RSI
Relative Strength Index
The Relative Strength Index (RSI) is one of the most widely used momentum oscillators in technical analysis. Developed by J. Welles Wilder in 1978, it measures the speed and magnitude of recent price changes to identify overbought or oversold conditions.
How It Works
RSI compares the average gains and average losses over a specified period (typically 14 periods) and normalises the result to a 0–100 scale. When recent gains are larger than recent losses, RSI rises; when losses dominate, RSI falls.
Formula
RSI = 100 - [100 / (1 + RS)] where RS = Average Gain / Average Loss over the last N periods (default: 14)
Signal Interpretation
When RSI exceeds 70, the asset may be overbought and due for a pullback. Strong uptrends can sustain RSI above 70 for extended periods.
When RSI falls below 30, the asset may be oversold and due for a bounce. In strong downtrends, RSI can remain below 30 for a long time.
Price makes a lower low but RSI makes a higher low — signals weakening downtrend and possible reversal.

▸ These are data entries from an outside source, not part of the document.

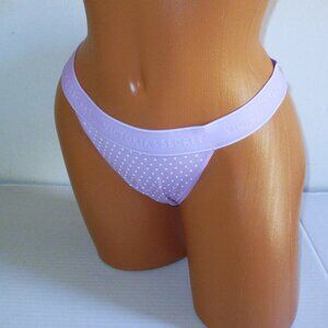 VICTORIA'S SECRET Cotton Tanga String Bikini Panty Purple Lilac Dot Logo Waist M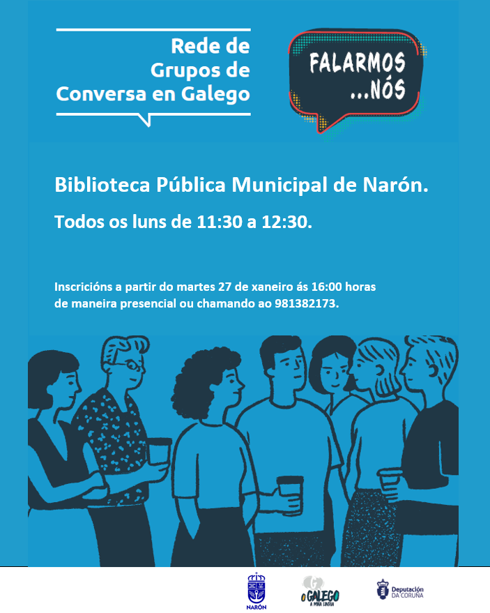 A partir do vindeiro mes de febreiro poñemos en marcha Falarmos... nós, un grupo de conversa en galego para persoas que queren usar máis a nosa lingua no seu día a día ou mellorar a súa expresión oral nun ambiente seguro e acolledor. Unímonos así a este proxecto impulsado pola Área de lingua da Deputación da Coruña, que aposta por crear espazos reais de uso da lingua baseados na participación e na conversa.
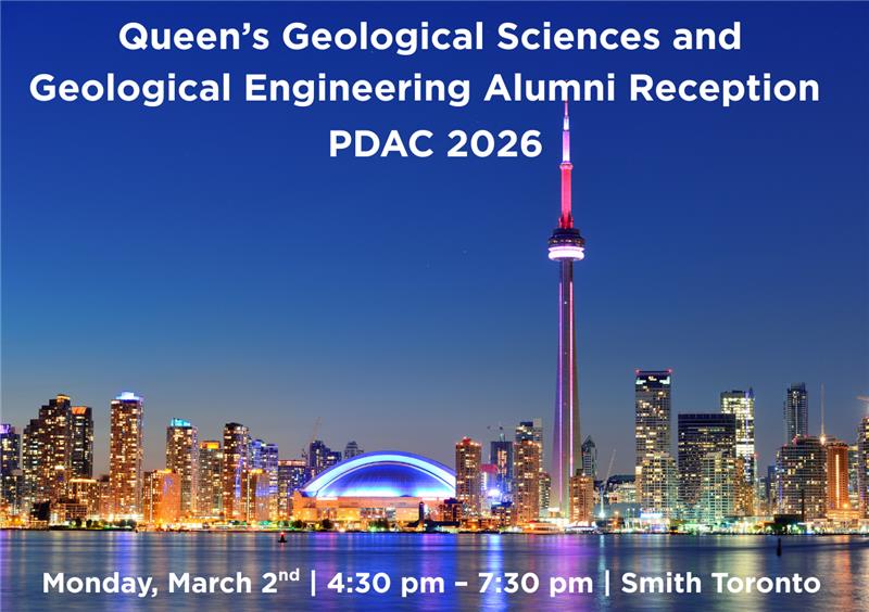 You're invited to the annual Queen's Geological Sciences and Geological Engineering alumni reception during the Prospectors & Developers Association of Canada (PDAC) Conference in Toronto.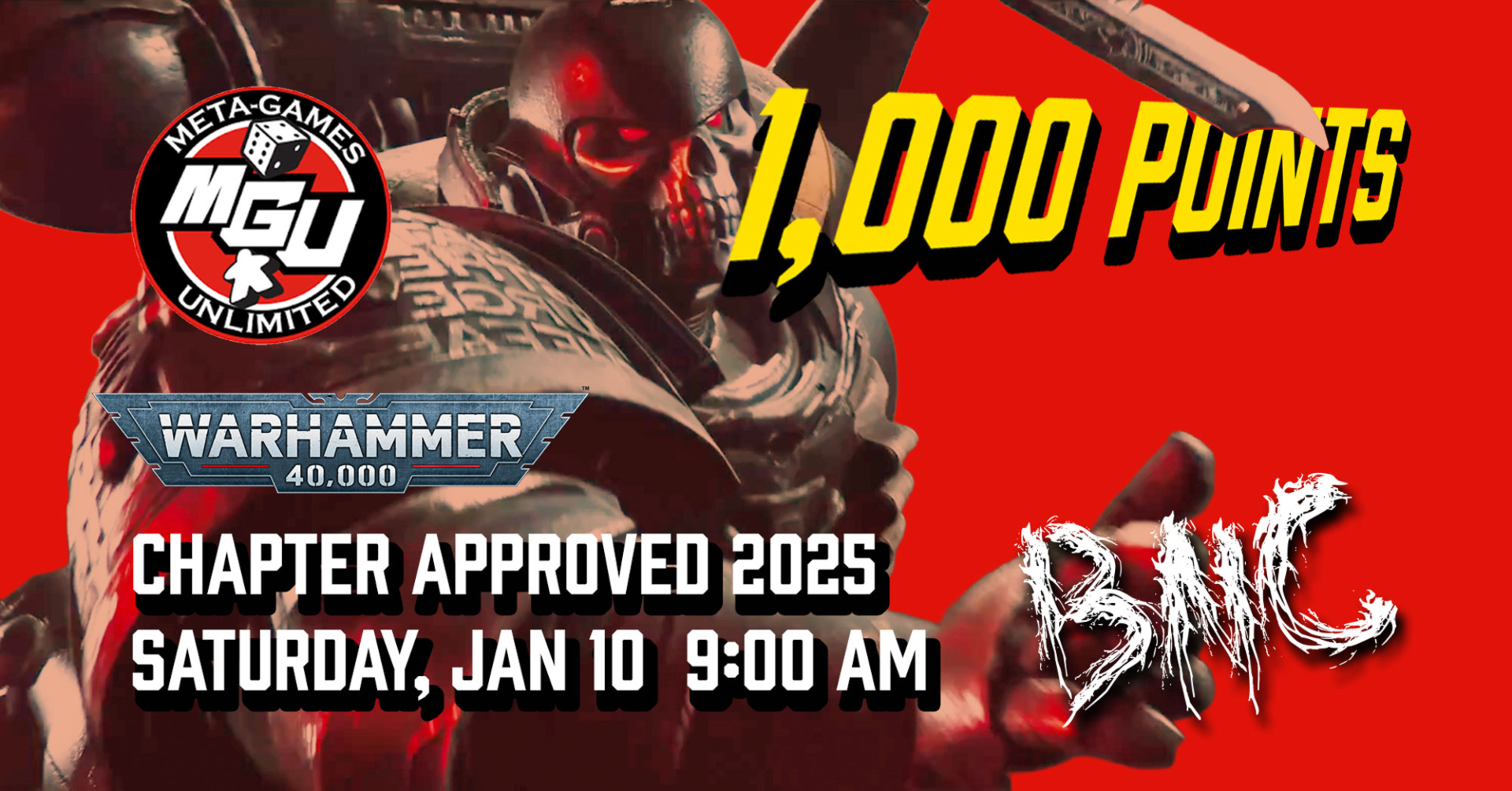 BNC Warhammer 40,000 1000pt Tournament Jan 10 8:00 am - 5:00 pm BNC Warhammer 40,000 1000pt Tournament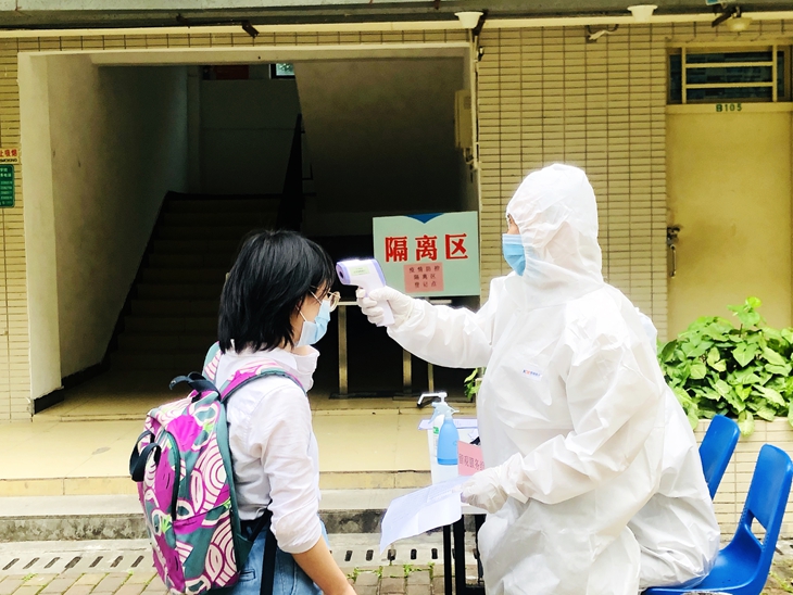此次新冠肺炎疫情应急处置演练分为两项,模拟疫区学生返校、突发异常情况等场景下,进行发现疫情、上报信息、隔离观察、及时送诊、消毒警戒等应急处置工作的过程。

Price makes a higher high but RSI makes a lower high — signals weakening uptrend and possible reversal.
Use Cases
- ▸Identifying overbought/oversold levels for swing trades
- ▸Confirming trend reversals with divergence
- ▸Filtering screener results — RSI 45-65 for steady momentum
- ▸Timing entries within a known trend
Limitations
- ⚠In strong trends, RSI can stay overbought/oversold for long periods
- ⚠Not suitable as a standalone system — best used with trend filters
- ⚠Lag exists due to the averaging mechanism
On BazaarPulse, RSI values of 55–75 suggest healthy momentum without being over-extended. Pair RSI with MACD for higher-conviction entries.